GeoParquet 1.0.0-rc.1 released!
I’m excited to share that the core GeoParquet team has agreed that the specification is ready for 1.0.0 release. We just cut the first ‘release candidate,’ which means that we do not anticipate any more changes to the standard. However, we we want to give one last chance for everyone to give feedback in case we missed something. The spec is up at geoparquet.org/releases/v1.0.0-rc.1/
Validators
The ecosystem of tools and data around GeoParquet has continued to grow, and we now have validators that check not only the metadata validity but also the congruence between the data and provided metadata. GPQ, a command-line tool and Go library, can run validation on any potential file and report how it lines up against all the requirements of GeoParquet.

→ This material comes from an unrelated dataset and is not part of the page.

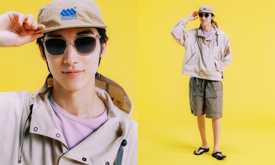 アノラックパーカ¥31,900・ショーツ¥24,200(ともにジュゲム)・Tシャツ¥6,930・キャップ¥7,480・サンダル¥5,500(すべてメデン)/HEMT PR

GDAL/OGR also ships with a script that can check the validity of the metadata and the actual data.
Spec Additions
The spec has actually been quite stable, with no changes to the spec itself since the beta.1 release. The only addition was a set of guidelines for ‘Parquet Geospatial Compatibility’. This came about from a great community discussion about simplifying the standard even more by making metadata optional. The core motivation was that not every producer of data who wants to follow the GeoParquet spec is the person who makes the software, and many people use software that won’t immediately write out the right metadata. The proposal was to allow the production of valid GeoParquet files without including metadata, by simply choosing defaults. The community ended up deciding that allowing those metadata-less files to be valid GeoParquet would ultimately hurt interoperability, and that implementing GeoParquet must mandate metadata.

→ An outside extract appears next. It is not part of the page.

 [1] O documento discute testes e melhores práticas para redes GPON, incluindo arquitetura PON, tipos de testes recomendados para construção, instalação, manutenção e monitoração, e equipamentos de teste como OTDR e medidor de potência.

Nevertheless, we wanted to assist data providers who aim to support the GeoParquet ecosystem, so the compatibility recommendations give a set of requirements and encourage any GeoParquet library to be able to easily read those in. But those libraries that read compatible parquet files will all write out the proper metadata. So, if people use a tool to read compatible files and save the data, it will yield valid GeoParquet, thereby increasing the volume of interoperable data. Our hope is that it’s just a set of interim recommendations, and we aim to work with all software that reads or writes Parquet and supports spatial data to fully implement GeoParquet.
Ecosystem
The ecosystem of tools supporting GeoParquet continues to grow.
The coolest additions in recent months have been the web tools, like Scribble Maps and CARTO.

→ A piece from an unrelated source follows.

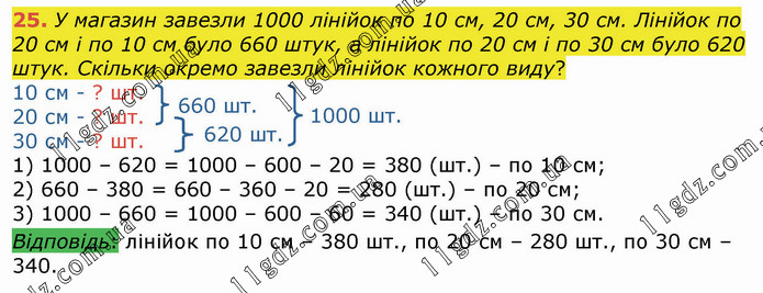 У магазин завезли 1000 лінійок по 10 см, 20 см, 30 см. Лінійок по 20 см і по 10 см було 660 штук, а лінійок по 20 см і по 30 см було 620 штук. Скільки окремо завезли лінійок кожного виду? 10 см - ? шт. 20 см - ? шт. 30 см - ? шт. 1) 1000 – 620 = 1000 – 600 – 20 = 380 (шт.) – по 10 см; 2) 660 – 380 = 660 – 360 – 20 = 280 (шт.) – по 20 см; 3) 1000 – 660 = 1000 – 600 – 60 = 340 (шт.) – по 30 см. Відповідь: лінійок по 10 см – 380 шт., по 20 см – 280 шт., по 30 см – 340.

And I also discovered that Esri’s ArcGIS GeoAnalytics Engine can load or save GeoParquet with the Python library or the Spark plugin, see their GeoParquet page for more details. We’ve also seen more data in GeoParquet, like the Google Open Buildings Dataset and Eurocrops dataset.
Next Steps
Our objective is to launch GeoParquet 1.0.0 at the beginning of September, unless we hear any critical feedback. So this is a great time to try it out and make sure it works with your tools. Please do let us know if you add support to a new tool or make a new GeoParquet dataset, so we can add you to the 1.0.0 release announcement.